1. A method for assembling DNA molecules in a non-random order in a DNA construct by

(a) providing at least two double stranded template DNA molecules encoding members of a gene family and possessing regions of variation and of conservation along their DNA sequence;

(b) designing oligonucleotide primers based on conserved sequences between each of the template molecules, wherein the primers also allow for the generation of single stranded 3′ or 5′ nucleic acid tails on an amplified nucleic acid product produced using these primers;

(c) amplifying complementary nucleic acid products of each template DNA molecule using the designed oligonucleotide primers and allowing the complementary nucleic acid products to anneal together to form substantially double stranded nucleic acid molecules;

(d) identifying or creating single stranded 3′ or 5′ single stranded terminal tails on the double stranded nucleic acid molecules, wherein the terminal single stranded nucleic acid tails have a length of from 2 to 30 nucleotides, wherein terminal single-stranded nucleic acid tails on a single double-stranded nucleic acid molecule do not hybridize to each other, wherein a terminal single-stranded nucleic acid tail on a double-stranded nucleic acid molecule is capable of hybridizing to a terminal single-stranded nucleic acid tail extending from a different double-stranded nucleic acid molecule or to a single-stranded DNA oligomer of from about 2 to about 30 nucleotides to allow for assembly of the nucleic molecules in a non-random order; and

(e) incubating said nucleic acid molecules under conditions suitable to promote the assembling of the molecules in a non-random order to create a nucleic acid construct;

wherein there are 2 or more possible orders for the assembly of the nucleic acid molecules.

2. The method of claim 1, wherein the amplified nucleic acid comprises nucleic acids selected from one or more of the group comprising DNA, RNA, and DNA comprising one or more modified bases.

3. The method of claim 1, wherein the oligonucleotide primer comprises nucleic acids selected from one or more of the group comprising DNA, RNA, and DNA comprising one or more modified bases.

4. The method of claim 1, wherein the double stranded template molecule encodes a multidomain protein

5. The method of claim 1 wherein the double stranded template molecule encodes a single protein domain.

6. The method of claim 1 wherein the 3′ or 5′ terminal group of the amplified nucleic acid is phosphorylated.

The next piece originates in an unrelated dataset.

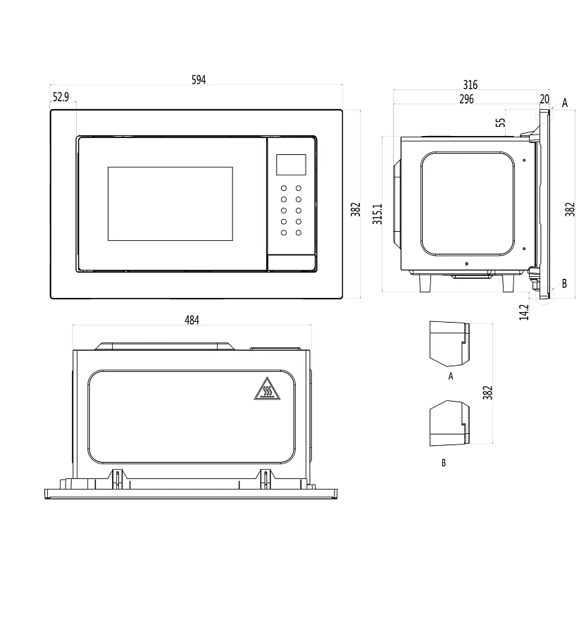Микроволновая печь с грилем HMX-BTG207X подходит для встраивания в верхние полки кухонной мебели. Глубина корпуса этой модели составляет всего 30 см. Сенсорная панель управления с белыми индикаторами и цифровым дисплеем придает модели стильный и лаконичный внешний вид. Широкий выбор режимов и автопрограммы размораживания и приготовления позволят быстро и эффективно подогреть или приготовить ваше блюдо.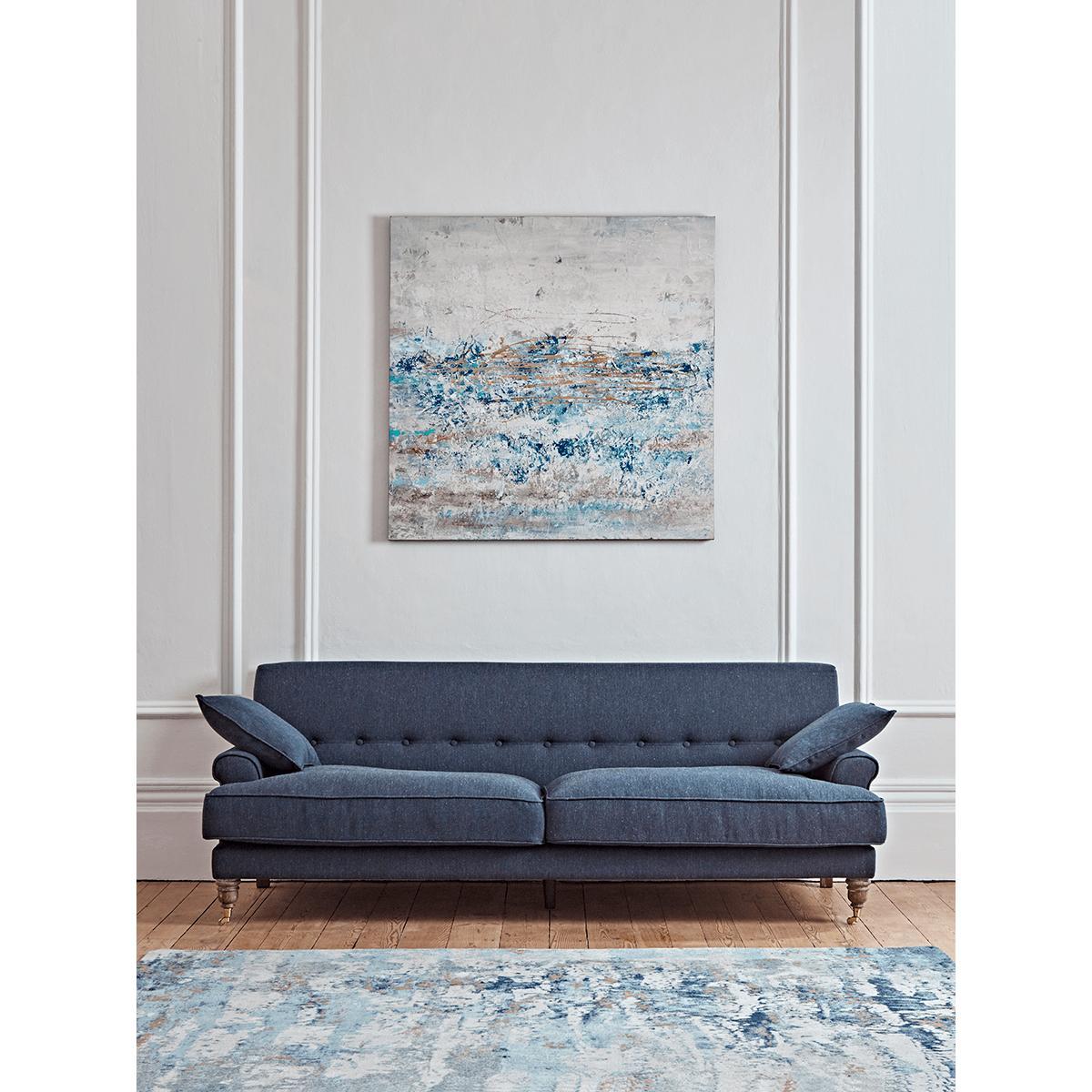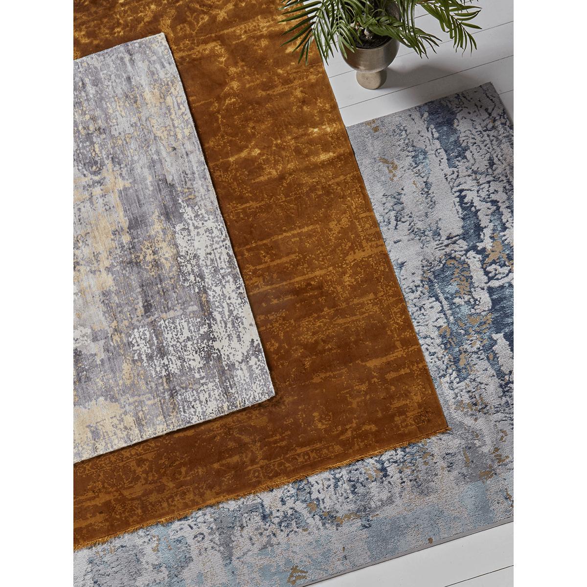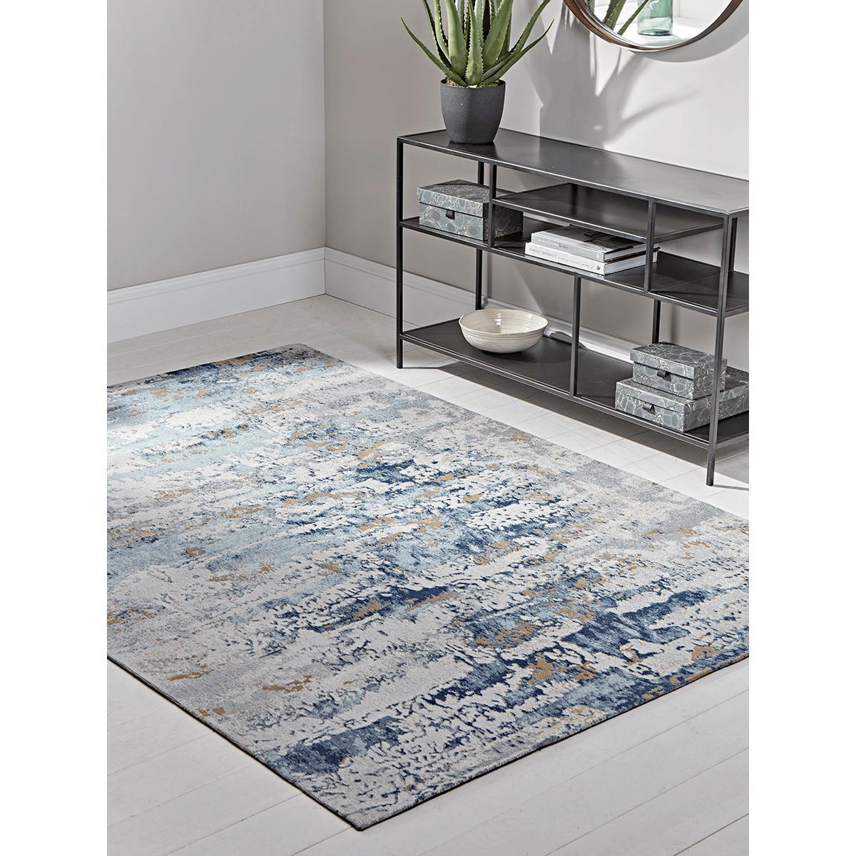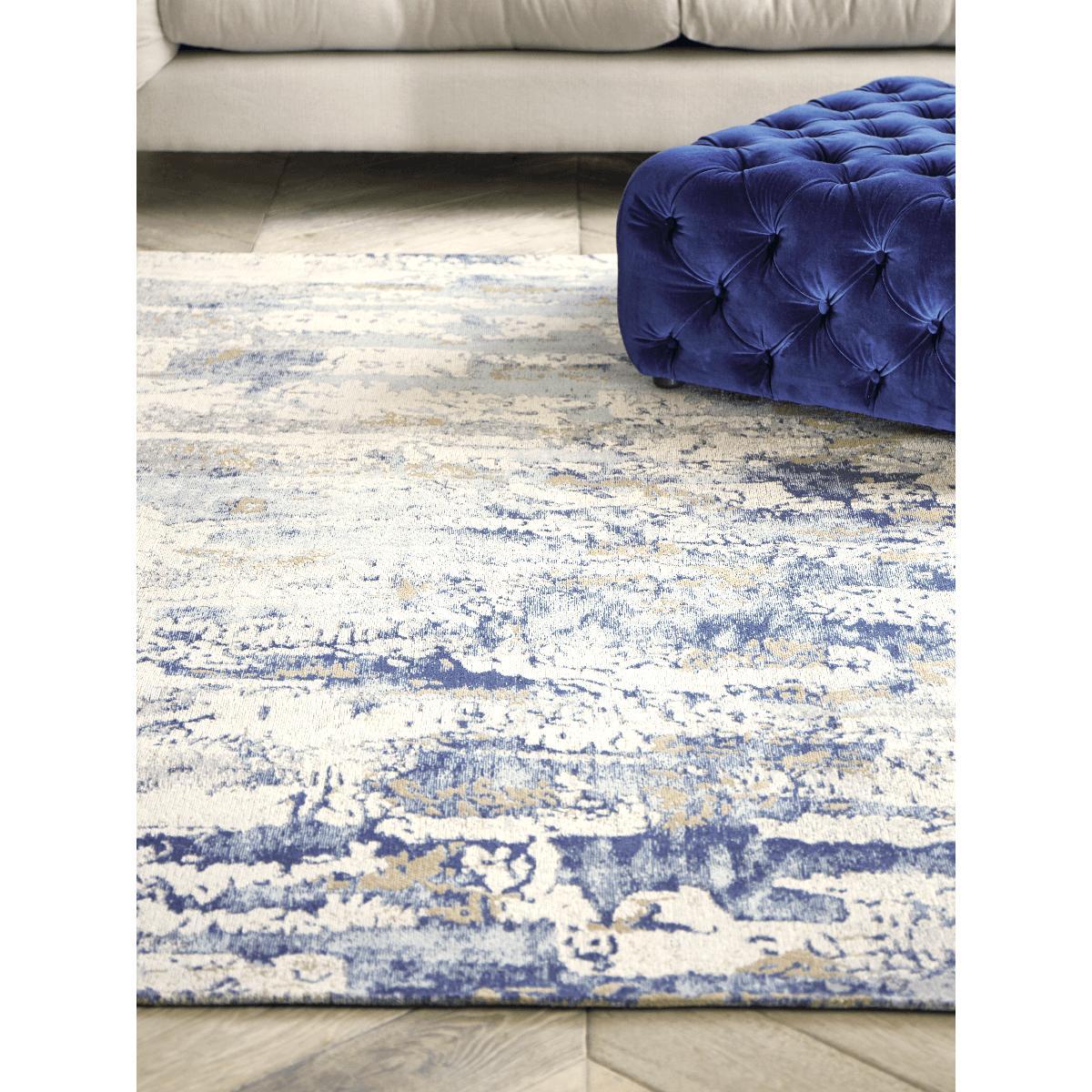 Crafted from a cotton blend with an exquisite marbled watercolour pattern in blue, soft white and gold, our statement rug will add colour and pattern to your living space.

7. The method of claim 1 wherein the nucleic acid molecules are annealed in the absence of DNA ligase.

8. The method of claim 1 wherein the nucleic acid molecules are annealed in the presence of DNA ligase.

9. The method of claim 1 wherein the template DNA sequences are derived from Bacillus thuringiensis.

10. The method of claim 8 wherein the assembled nucleic acid construct encodes a protein toxic to a dipteran insect, a lepidopteran insect, a coleopteran insect, or a nematode.

11. A method to create a non-randomly shuffled genetic library of DNA constructs comprising:

(a) utilizing the DNA construct obtained in any of claims 1-10

(c) cloning the assembled DNA construct into a vector;

(d) transforming a bacterial host with the cloned assembled DNA construct

wherein the vector can replicate autonomously in host cells, and also comprises a selectable or screenable marker and appropriate regulatory signals for expression in a prokaryotic or eukaryotic host cell in which the library may be screened.